Mahasiswa/i fakultas psikologi di semester pertama umumnya belajar mengenai asal penamaan bidang psikologi. Psikologi berasal dari kata psiko dan logos, demikian penjelasan yang biasa diberikan. 

Logos adalah ilmu dan psiko berasal dari psykhé, selanjutnya akan ditulis psikhe, yang diartikan sebagai jiwa, pikiran. Psikologi pun didefinisikan secara sederhana sebagai ilmu yang mempelajari semua fakta tentang jiwa, pikiran. 

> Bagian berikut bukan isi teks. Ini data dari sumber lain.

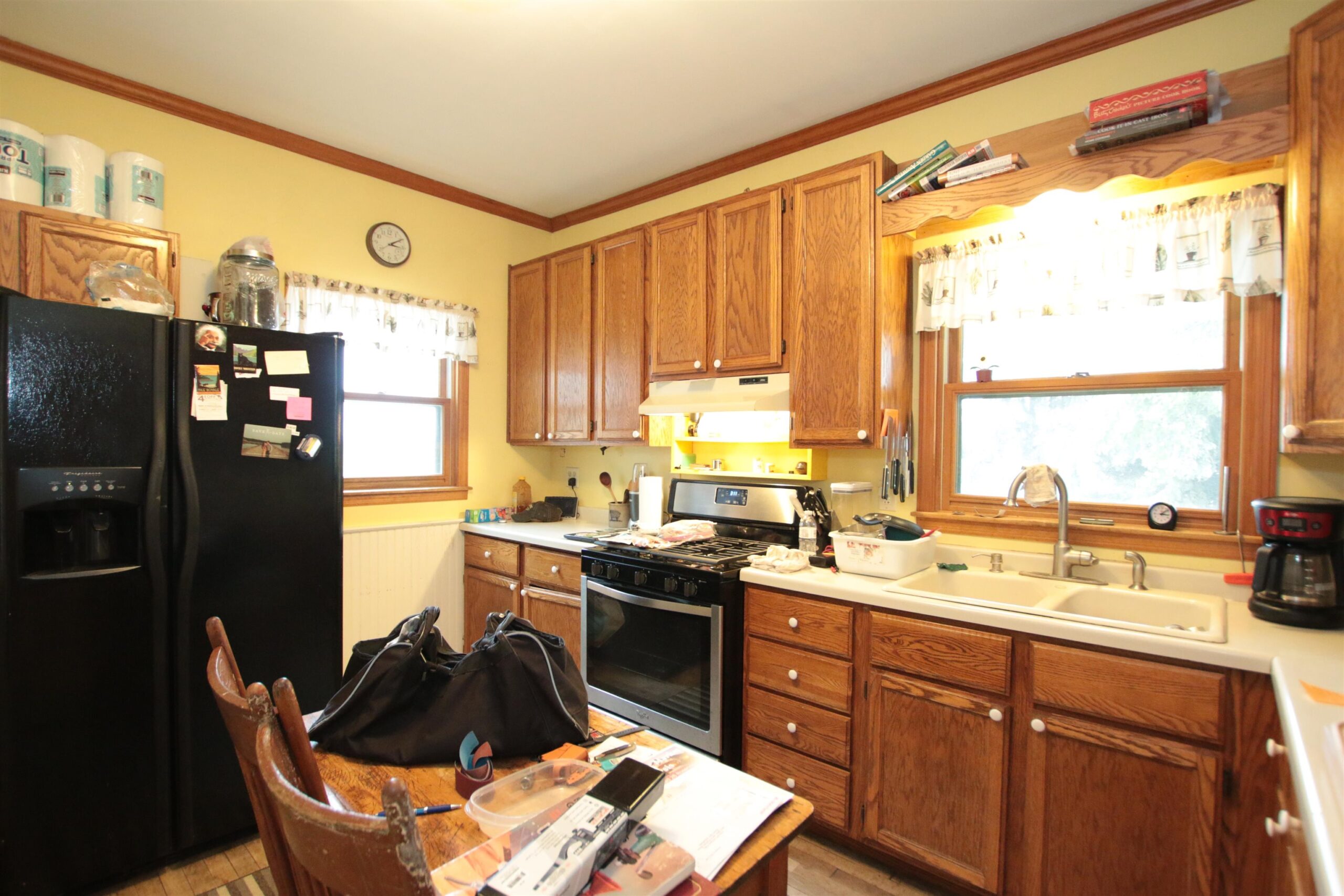 Range, refrigerator, window treatments, water-softener, washer, dryer, microwave, pellet stove, security system, sink in basement.

Mempertimbangkan tuntutan untuk bersifat empiris sebagai sebuah bidang studi, pendiri psikologi merasa perlu untuk menerjemahkan jiwa dan pikiran ke dalam perilaku. Sebuah definisi ditetapkan: psikologi adalah ilmu yang mempelajari perilaku manusia. 

Mereka yang tidak ingin kehilangan makna asli dari psikhe memperluas definisi tersebut sebagai ilmu yang mempelajari perilaku dan proses mental. Definisi ini diperlengkapi lagi sebagai ilmu yang mempelajari gagasan, perilaku, emosi, dan cara-cara manusia berpikir, bertindak, dan merasakan, baik sebagai individu maupun kelompok.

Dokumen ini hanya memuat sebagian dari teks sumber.